- Born: May 30, 1823 Kentucky, United States
- Died: August 16, 1851 (aged 27) Havana, Cuba
- Alma mater: West Point
- Relatives: Thomas Theodore Crittenden (brother)
- Military career
- Allegiance: United States Lopez filibusters
- Branch: United States Army
- Conflicts: Mexican–American War Lopez Expedition

= William Logan Crittenden =

United States Army officer and adventurer

Colonel William Logan Crittenden (May 30, 1823 – August 16, 1851) was a United States Army officer who fought in the Mexican–American War and later accompanied Narciso López's 1851 filibustering Lopez Expedition in Cuba. He was captured by Spanish forces and executed in Havana on August 16, 1851.

== Early life ==
Crittenden was born to Henry and Anna Marie (Allen) Crittenden in 1823. His brother was Thomas Theodore Crittenden, who became Governor of Missouri in 1881 and issued a bounty for Jesse James. At the time of Crittenden's participation in the López expedition, his uncle, John J. Crittenden, was serving as Attorney General of the United States.

Crittenden's paternal grandfather was John Crittenden, who served as a major with the Virginia militia in the American Revolution and was one of the first settlers in Kentucky. His maternal grandfather was John Allen, a Kentucky soldier who was killed in action at the Battle of Frenchtown in 1813. Through Allen, he was also a descendant of Benjamin Logan, an early Kentucky pioneer.

== Military career ==
Crittenden enrolled in the Military Academy at West Point in 1839. In October 1844, Crittenden viciously attacked cadet George H. Derby with a sword based on a perceived insult causing Derby to spend three weeks in the hospital. Although the superintendent requested his immediate expulsion, because of Crittenden's well-connected political family, he never faced a court martial. Because of his constant poor behavior, Crittenden took six years to graduate and in 1845, was the class "goat," the derisive name used for the cadet who was last academically.

After graduation, served in Company K, 5th U.S. Infantry, in the Mexican War. After the war, he resigned his commission and, in 1851, joined López's expedition to filibuster Cuba to expand slavery. The expedition departed New Orleans on August 3, 1851, on the steamer Pampero. The filibusters disembarked at the village of Morillos on August 12. Upon their arrival, however, they found little support among the local Cuban population and López traveled inland, leaving Crittenden in command of a force of 100 men.

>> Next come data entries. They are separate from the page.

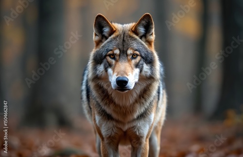 © miss irine, Naklejka premium Grey wolf in autumn forest. Canis lupus portrait. Wild animal staring at camera. Predator in natural habitat. Wildlife scene. Forest background. Calmness and tranquility.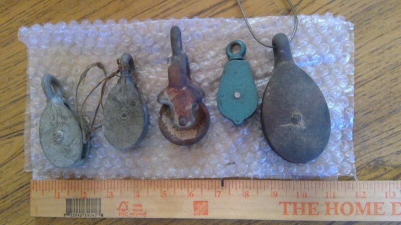 Title (ebay affiliate link): 5 older single wheel pullies rope pulley small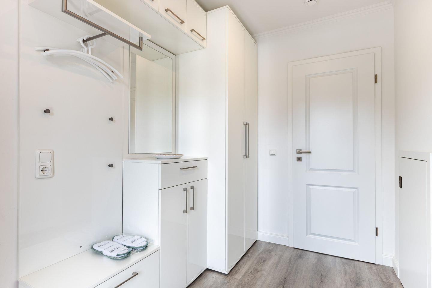 Dieses schöne Feriendomizil in ruhiger Lage befindet sich im Erdgeschoss eines gepflegten Mehrfamilienhauses. Über einen großzügigen Flur erreichen Sie: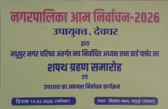 Madhupur Municipal Council समारोह में मधुपुर एसडीओ (SDO) राजीव कुमार सहित जिले के कई वरीय अधिकारी और गणमान्य नागरिक उपस्थित थे। शपथ ग्रहण के बाद नवनिर्वाचित प्रतिनिधियों का उनके समर्थकों ने फूल-मालाओं के साथ भव्य स्वागत किया। स्थानीय प्रशासन ने उम्मीद जताई है कि नया बोर्ड जनभावनाओं के अनुरूप शहर के विकास को गति प्रदान करेगा।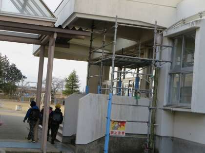 児童玄関わき体育館通路の雨どい工事が始まるので、工事用足場が組まれています。子どもたちが安全に通行するよう気を付けてみていきます。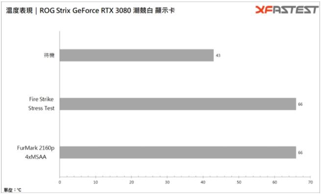 ROG Strix GeForce RTX 3080潮竞白待机时由于有风扇低温停转设定,温度约为43度上下,而不论是Fire Strike Stress Test或FurMark运行时的,温度最高都落在66度,整体表现还算不差。整机功耗部分测得最高落在460 W上下,不过测试中处理气不是满载运行,建议玩家可以挑大一点的瓦数来搭配会比较保险。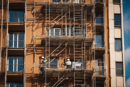 Intricate scaffolding encases a building under renovation in an urban setting, capturing the essence of construction.. AI Generation. AI Generation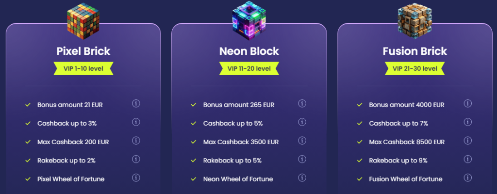 Pixel Brick | VIP 1–10 | 21 EUR | Up to 3% | 200 EUR | Up to 2% | Pixel Wheel of Fortune |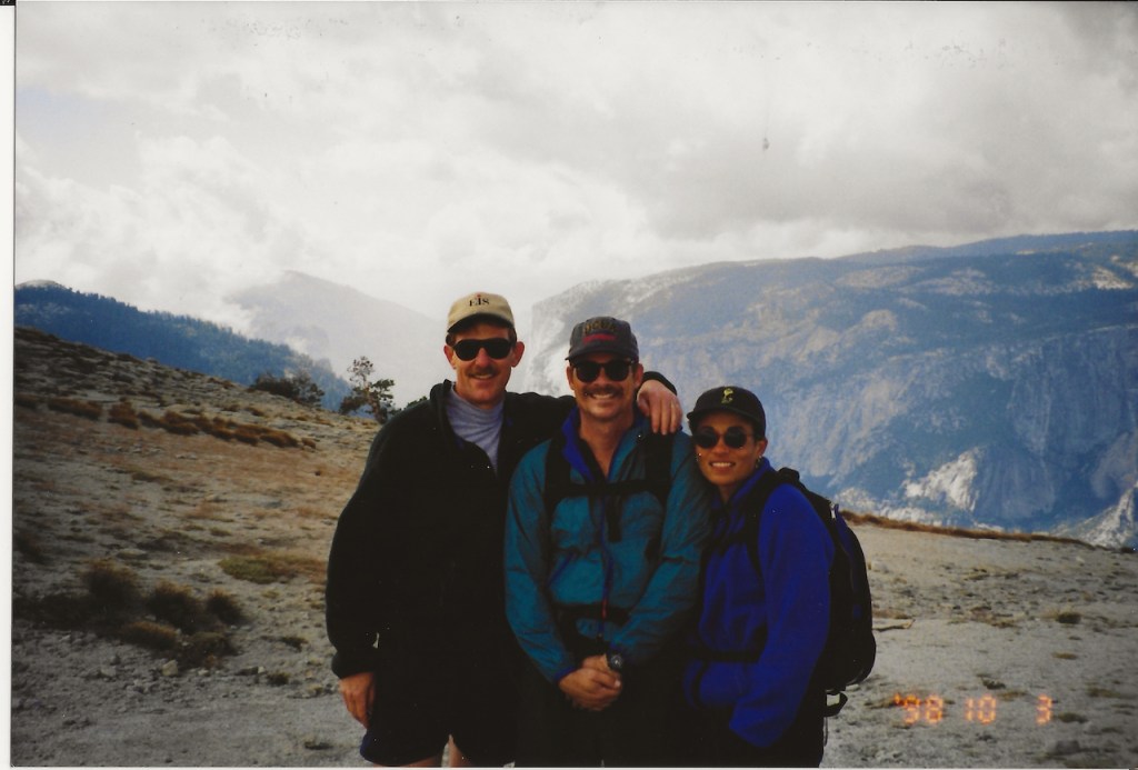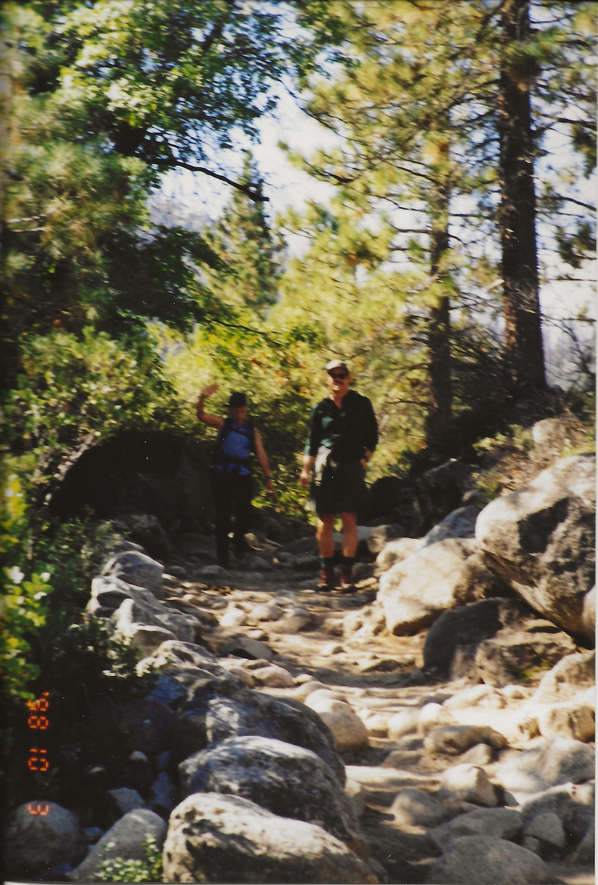 A year later starting in the summer, of 1998 we’d visit twice as we celebrated my graduation from grad school at Loyola Marymount University. We camped with Irene, Ric, Debra and others at a campground just off Tioga Road over the 4th of July weekend. We’d L.A. late in the day and it being pre-cell phones and not knowing exactly where the group was camped, we ((Joanna, Jessica, niece Kristen and myself) elected to spend the night in Bakersfield before continuing on. We picked a motel at random and when we woke up the next morning, realized we were in a sketchy part of town. As nothing happened perhaps St. Christopher was keeping watch over us?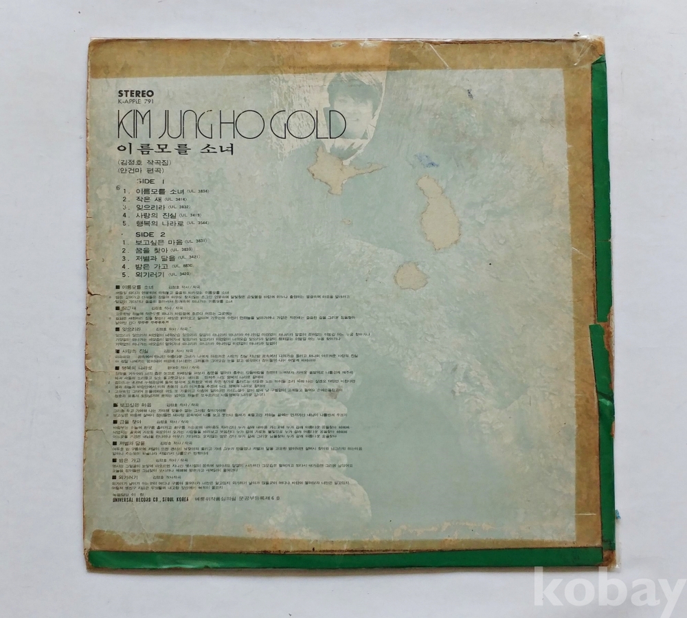 | 자켓상태 | VG : 주름, 접힘, 모서리 찢김 다수 | 음반상태 | EX : 재생에 영향 없는 가벼운 기스 존재 | 발매정보 | 알수없음 | 가사지여부 | 무 |
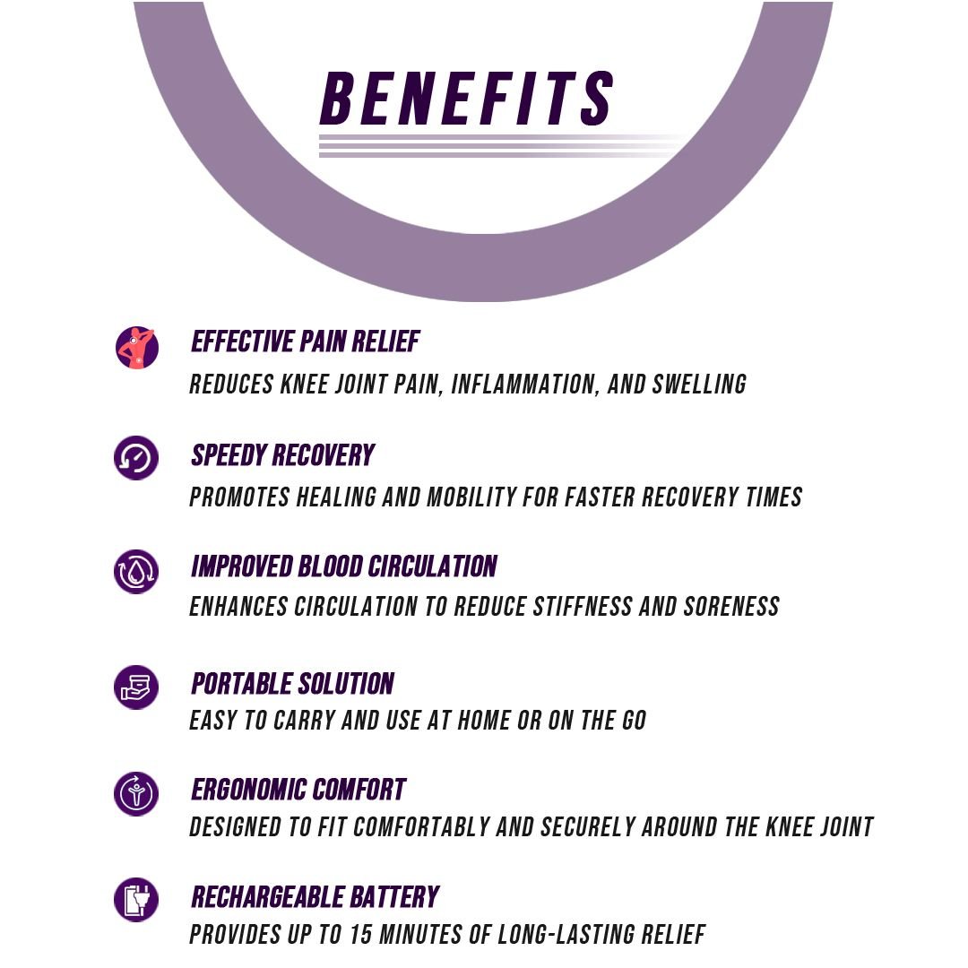 <p><b>Effective: </b>Relieves knee joint pain and stiffness, reducing inflammation and swelling; promotes injury recovery helping speed up recovery and mobility; and improves blood circulation with built-in hot compress and vibration massage.</p>

Spanish forces quickly surrounded Crittenden's troops, who desperately tried to escape the island in four small fishing boats. They were quickly captured by the Spanish steamer Habanero on the 15th. Crittenden and 50 of his men were taken to Havana and executed on August 16.

Americans in both the north and the south were infuriated when news of the executions reached the States. Even if they disapproved of the filibusters' breach of neutrality, many Americans saw the response of the Spanish officers as unnecessarily brutal. In New Orleans, growing anti-Spanish sentiment resulted in riots that attacked the Spanish consulate in the city. However, the U.S. government refused to officially protest Spain's actions, maintaining that the expedition had been an illegal operation.

Crittenden became a martyr and folk hero to the people in Kentucky in the years following his death. A popular story purported that he had refused to be blindfolded or kneel to his executioners, proclaiming that "A Kentuckian always faces his enemy and kneels only to his God."